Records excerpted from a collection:
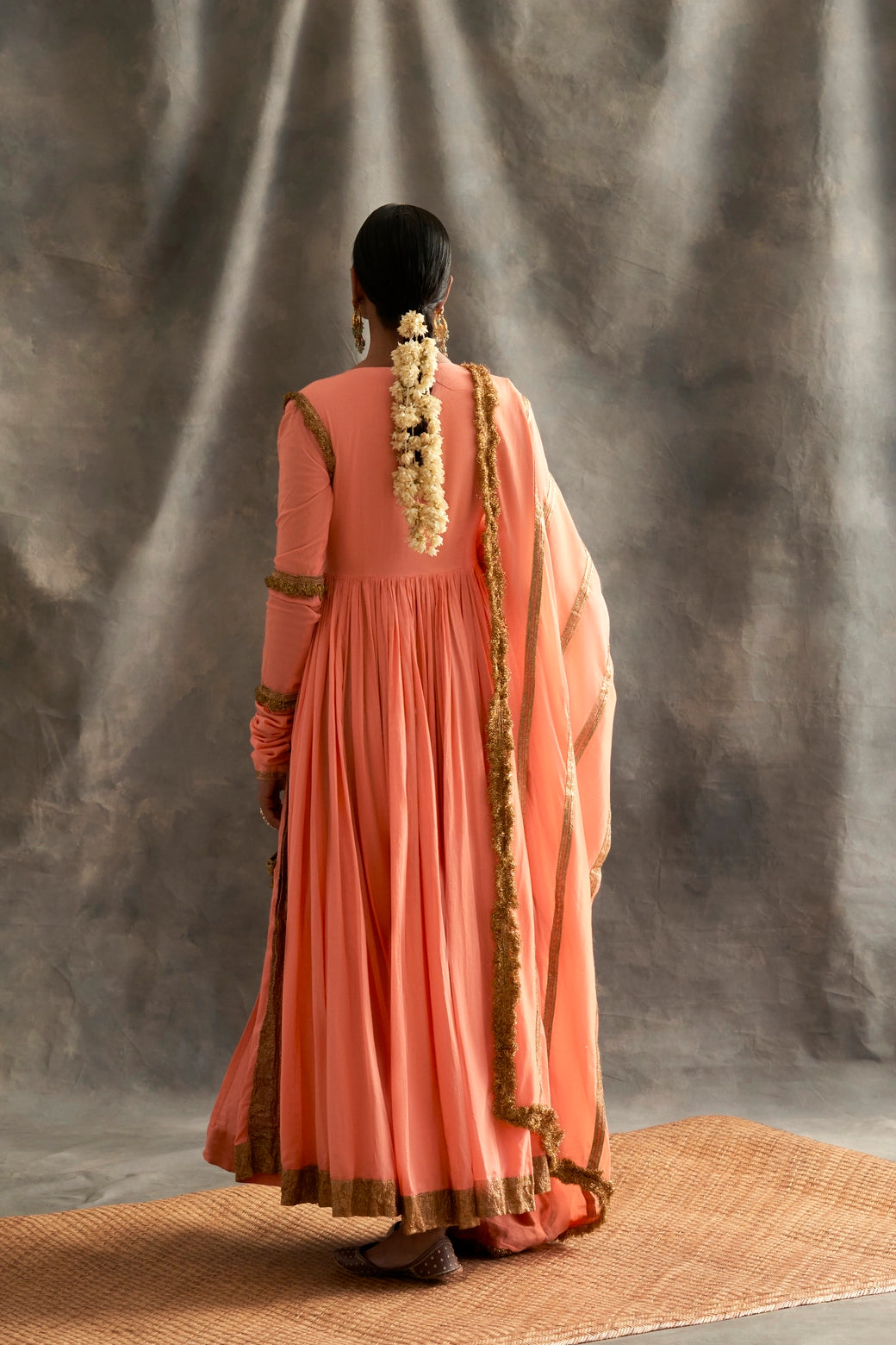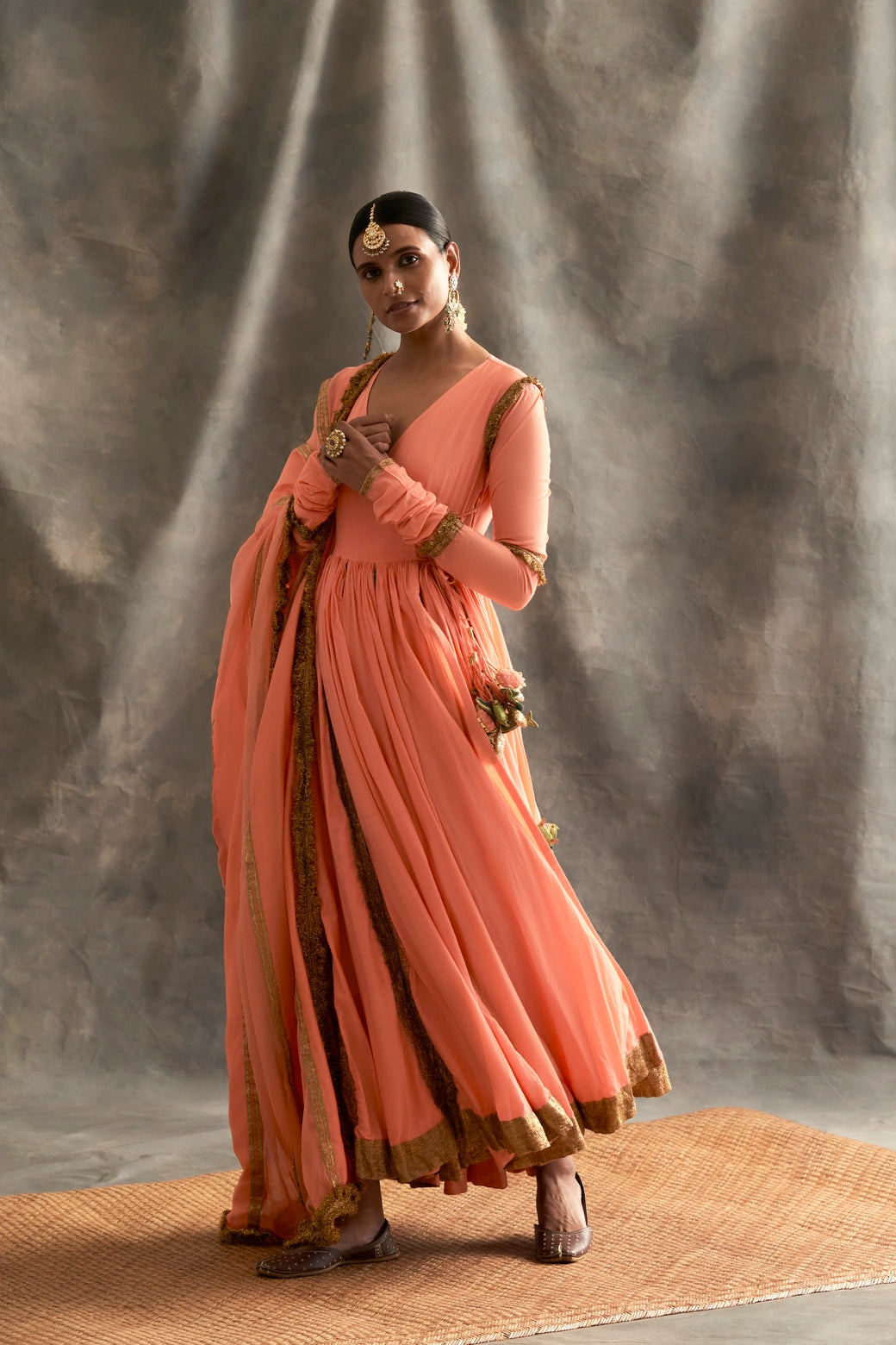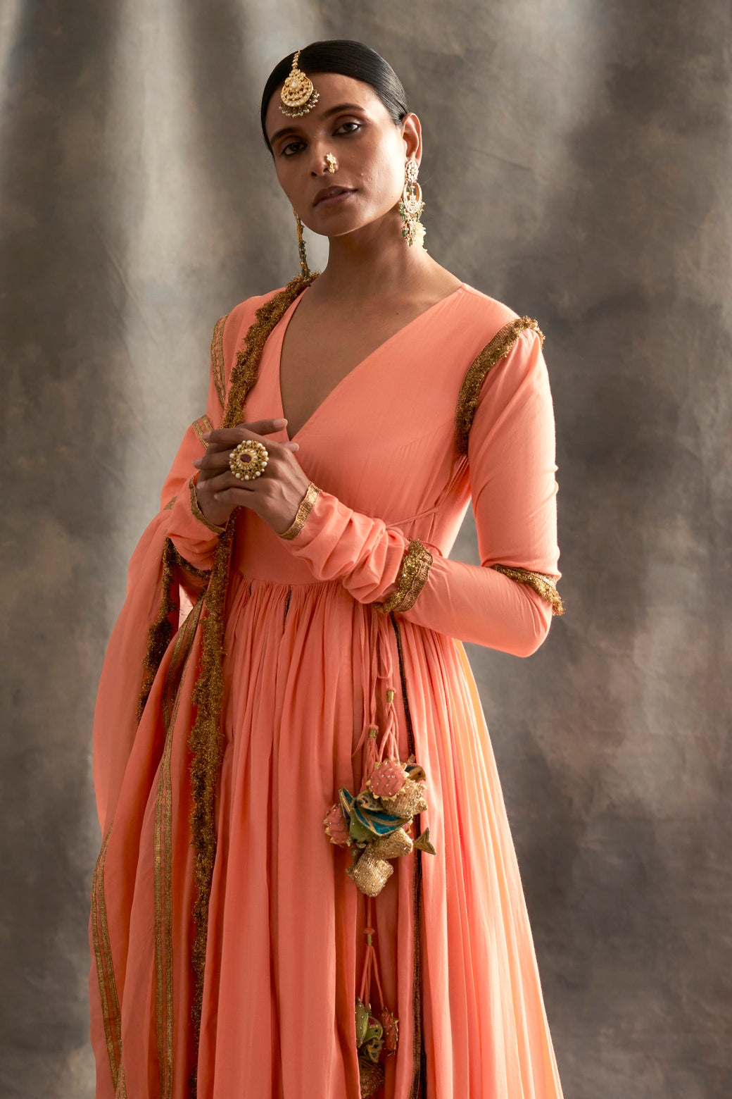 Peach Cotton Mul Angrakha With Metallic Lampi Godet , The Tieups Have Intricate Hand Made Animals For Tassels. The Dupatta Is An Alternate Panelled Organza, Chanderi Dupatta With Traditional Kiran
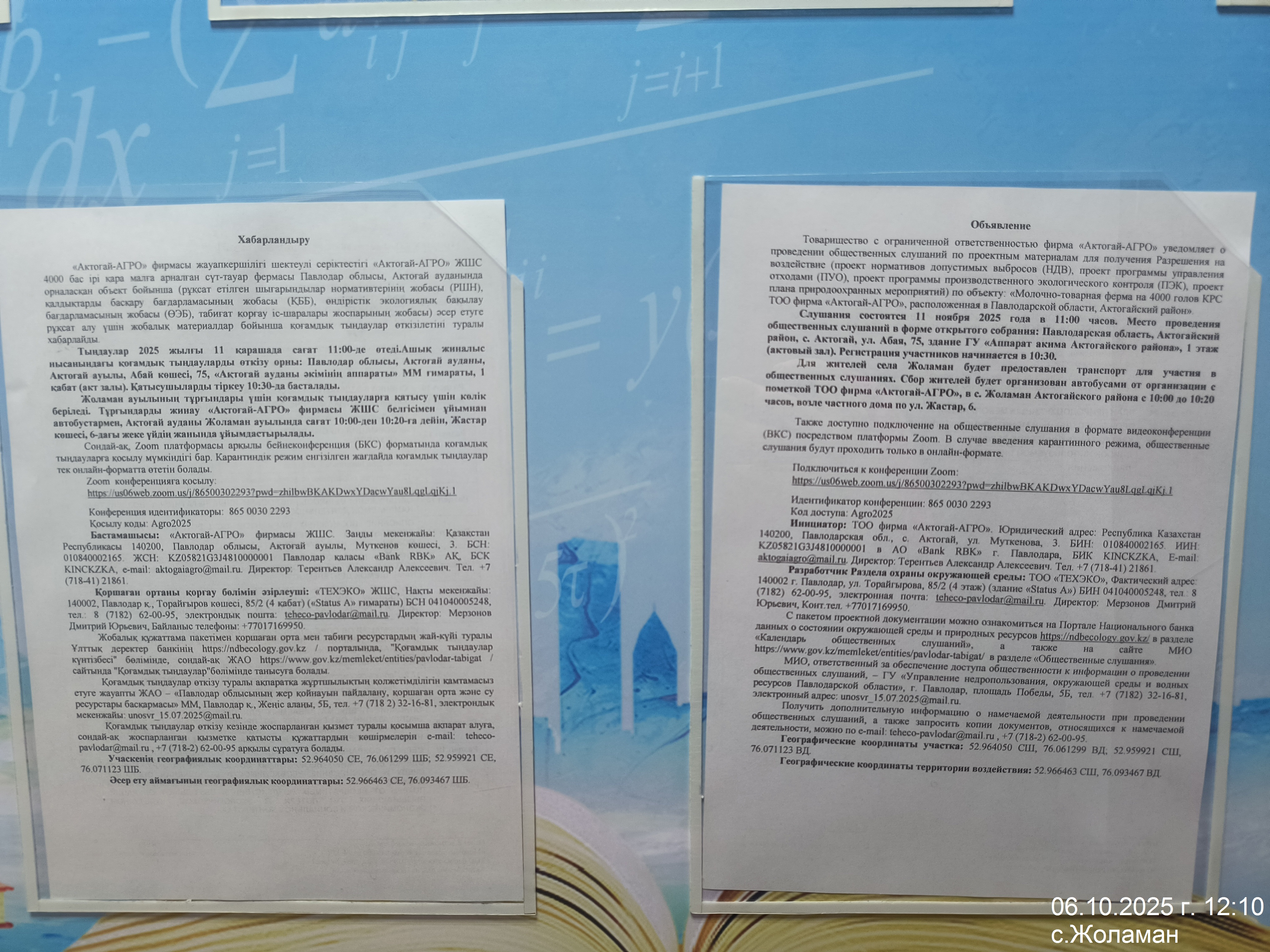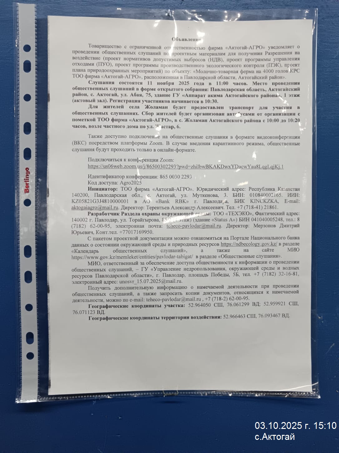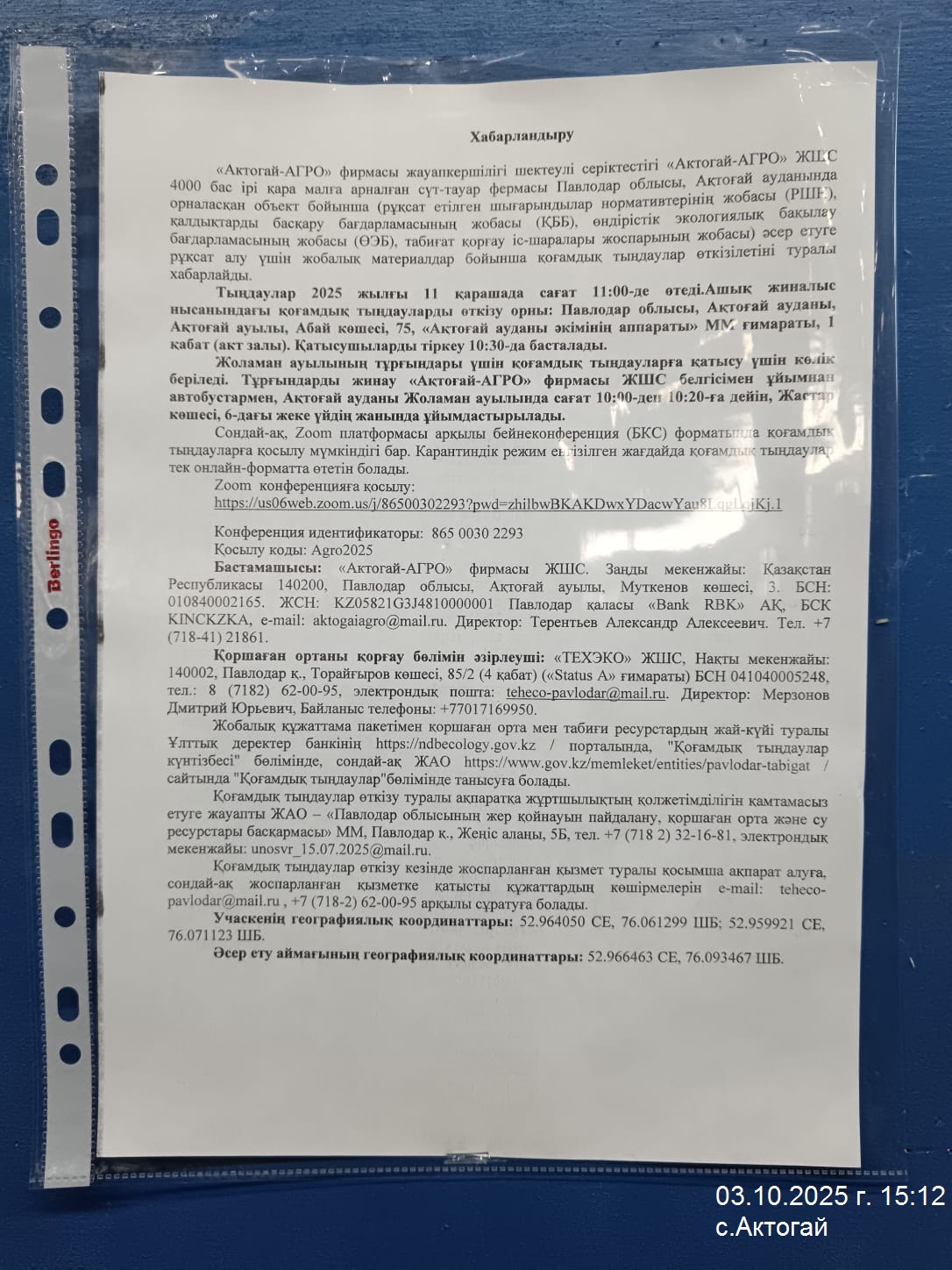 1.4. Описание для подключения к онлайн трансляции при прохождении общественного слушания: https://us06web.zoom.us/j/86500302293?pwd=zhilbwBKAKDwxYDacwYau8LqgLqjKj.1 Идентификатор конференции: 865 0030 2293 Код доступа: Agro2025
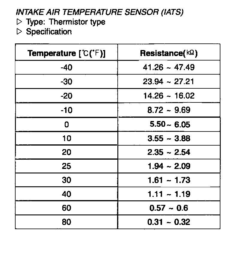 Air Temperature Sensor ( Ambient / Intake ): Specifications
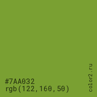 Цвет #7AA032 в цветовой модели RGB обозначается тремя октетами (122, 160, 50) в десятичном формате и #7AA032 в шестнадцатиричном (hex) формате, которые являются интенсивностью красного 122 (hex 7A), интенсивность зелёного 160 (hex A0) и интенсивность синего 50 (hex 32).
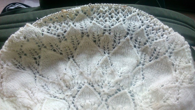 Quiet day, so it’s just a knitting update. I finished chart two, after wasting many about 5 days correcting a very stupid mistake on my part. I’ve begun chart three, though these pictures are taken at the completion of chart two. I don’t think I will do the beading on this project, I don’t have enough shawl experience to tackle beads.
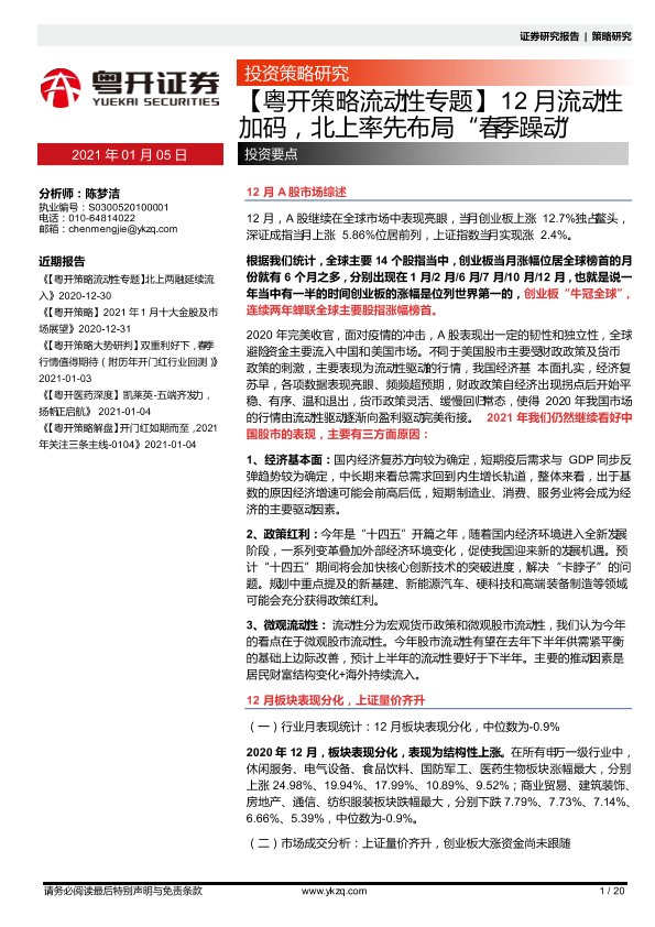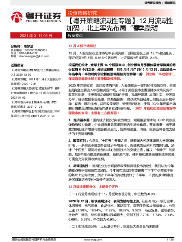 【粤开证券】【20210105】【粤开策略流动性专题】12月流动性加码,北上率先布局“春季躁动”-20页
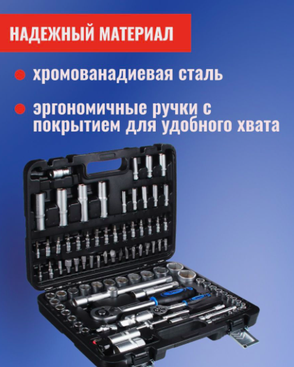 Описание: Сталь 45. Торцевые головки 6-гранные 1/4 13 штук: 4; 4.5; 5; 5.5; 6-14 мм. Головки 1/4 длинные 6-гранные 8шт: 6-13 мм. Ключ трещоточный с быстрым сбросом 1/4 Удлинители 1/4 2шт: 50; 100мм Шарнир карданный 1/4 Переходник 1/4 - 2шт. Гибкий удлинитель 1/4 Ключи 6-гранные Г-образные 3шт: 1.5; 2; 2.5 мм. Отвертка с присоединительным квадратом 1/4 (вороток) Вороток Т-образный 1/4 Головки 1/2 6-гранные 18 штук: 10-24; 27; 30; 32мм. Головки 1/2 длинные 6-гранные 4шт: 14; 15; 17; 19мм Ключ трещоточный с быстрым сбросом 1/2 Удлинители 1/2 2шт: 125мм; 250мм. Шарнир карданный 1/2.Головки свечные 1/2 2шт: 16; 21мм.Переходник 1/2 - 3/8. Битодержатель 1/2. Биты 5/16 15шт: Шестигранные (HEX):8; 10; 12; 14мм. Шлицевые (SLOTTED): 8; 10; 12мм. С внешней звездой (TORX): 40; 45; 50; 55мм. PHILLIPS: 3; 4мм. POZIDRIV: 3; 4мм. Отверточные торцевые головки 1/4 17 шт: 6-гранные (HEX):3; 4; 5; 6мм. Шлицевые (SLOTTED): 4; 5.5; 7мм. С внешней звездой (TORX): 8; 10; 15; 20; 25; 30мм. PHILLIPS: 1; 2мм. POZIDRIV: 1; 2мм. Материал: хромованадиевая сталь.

--- EXERCISE DESCRIPTION ---
Exactly as written, set down each line of the records, leaving out the pictures.

--- THE ANSWER ---
 Peach Cotton Mul Angrakha With Metallic Lampi Godet , The Tieups Have Intricate Hand Made Animals For Tassels. The Dupatta Is An Alternate Panelled Organza, Chanderi Dupatta With Traditional Kiran
 1.4. Описание для подключения к онлайн трансляции при прохождении общественного слушания: https://us06web.zoom.us/j/86500302293?pwd=zhilbwBKAKDwxYDacwYau8LqgLqjKj.1 Идентификатор конференции: 865 0030 2293 Код доступа: Agro2025
 Air Temperature Sensor ( Ambient / Intake ): Specifications
 Цвет #7AA032 в цветовой модели RGB обозначается тремя октетами (122, 160, 50) в десятичном формате и #7AA032 в шестнадцатиричном (hex) формате, которые являются интенсивностью красного 122 (hex 7A), интенсивность зелёного 160 (hex A0) и интенсивность синего 50 (hex 32).
 Quiet day, so it’s just a knitting update. I finished chart two, after wasting many about 5 days correcting a very stupid mistake on my part. I’ve begun chart three, though these pictures are taken at the completion of chart two. I don’t think I will do the beading on this project, I don’t have enough shawl experience to tackle beads.
 【粤开证券】【20210105】【粤开策略流动性专题】12月流动性加码,北上率先布局“春季躁动”-20页
 Описание: Сталь 45. Торцевые головки 6-гранные 1/4 13 штук: 4; 4.5; 5; 5.5; 6-14 мм. Головки 1/4 длинные 6-гранные 8шт: 6-13 мм. Ключ трещоточный с быстрым сбросом 1/4 Удлинители 1/4 2шт: 50; 100мм Шарнир карданный 1/4 Переходник 1/4 - 2шт. Гибкий удлинитель 1/4 Ключи 6-гранные Г-образные 3шт: 1.5; 2; 2.5 мм. Отвертка с присоединительным квадратом 1/4 (вороток) Вороток Т-образный 1/4 Головки 1/2 6-гранные 18 штук: 10-24; 27; 30; 32мм. Головки 1/2 длинные 6-гранные 4шт: 14; 15; 17; 19мм Ключ трещоточный с быстрым сбросом 1/2 Удлинители 1/2 2шт: 125мм; 250мм. Шарнир карданный 1/2.Головки свечные 1/2 2шт: 16; 21мм.Переходник 1/2 - 3/8. Битодержатель 1/2. Биты 5/16 15шт: Шестигранные (HEX):8; 10; 12; 14мм. Шлицевые (SLOTTED): 8; 10; 12мм. С внешней звездой (TORX): 40; 45; 50; 55мм. PHILLIPS: 3; 4мм. POZIDRIV: 3; 4мм. Отверточные торцевые головки 1/4 17 шт: 6-гранные (HEX):3; 4; 5; 6мм. Шлицевые (SLOTTED): 4; 5.5; 7мм. С внешней звездой (TORX): 8; 10; 15; 20; 25; 30мм. PHILLIPS: 1; 2мм. POZIDRIV: 1; 2мм. Материал: хромованадиевая сталь.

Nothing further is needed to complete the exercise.